Bis heute vermisst werden die Crew-Mitglieder Thomas William Herron und William Hastings. Liegen ihre sterblichen Überreste noch irgendwo im Stadtwald von Hagen oder der Umgebung? Historiker Blank und sein Kollege, der Archäologe Jörg Orschiedt, sind seit 2006 dabei, das Rätsel um die Lancaster mit wissenschaftlichen Methoden der modernen Archäologie zu lösen, denn in den Unterlagen aus der damaligen Zeit ist dieser Absturz nicht dokumentiert. Seit die Raubgräber die Fachleute unfreiwillig auf die Spur des vergessenen Flugzeugwracks brachten, wird die Absturzstelle systematisch untersucht. Aus geschmolzenem Aluminium und der großräumige Verteilung von Fundstücken schließen die Wissenschaftler, dass die Maschine brennend abstürzte und beim Aufschlagen mit ihrer Bombenfracht explodierte.

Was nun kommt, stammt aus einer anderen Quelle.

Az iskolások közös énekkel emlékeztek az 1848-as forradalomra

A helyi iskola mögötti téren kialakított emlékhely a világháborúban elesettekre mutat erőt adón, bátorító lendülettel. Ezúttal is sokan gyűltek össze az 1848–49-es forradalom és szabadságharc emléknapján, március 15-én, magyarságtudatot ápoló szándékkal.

Dennoch sind inzwischen zahllose Funde gemacht worden, darunter Typenschilder mit Kennungen und eingeprägter Krone, Reste des Bombenzielgeräts, zwei vollständig erhaltene Handfeuerlöscher, ein Generator und ein Drehzahlmesser sowie originalverpackte Staniolstreifen ("Lametta") zur Täuschung des deutschen Radars. Aber auch persönliche Gegenstände der Crew wurden ausgegraben: ein Taschenmesser, die Überreste einer Pilotenhaube mit Kopfhörern und Mikrofon und sogar ein kleines Kruzifix, von dem Blank und Orschiedt vermuten, dass es seinen Platz im Cockpit der Unglücksmaschine hatte.
In den kommenden Wochen sollen die Grabungen wieder aufgenommen werden. Vielleicht, so hoffen Blank und Ortschied, lässt sich auch das Rätsel um die beiden vermissten Flieger doch noch lösen.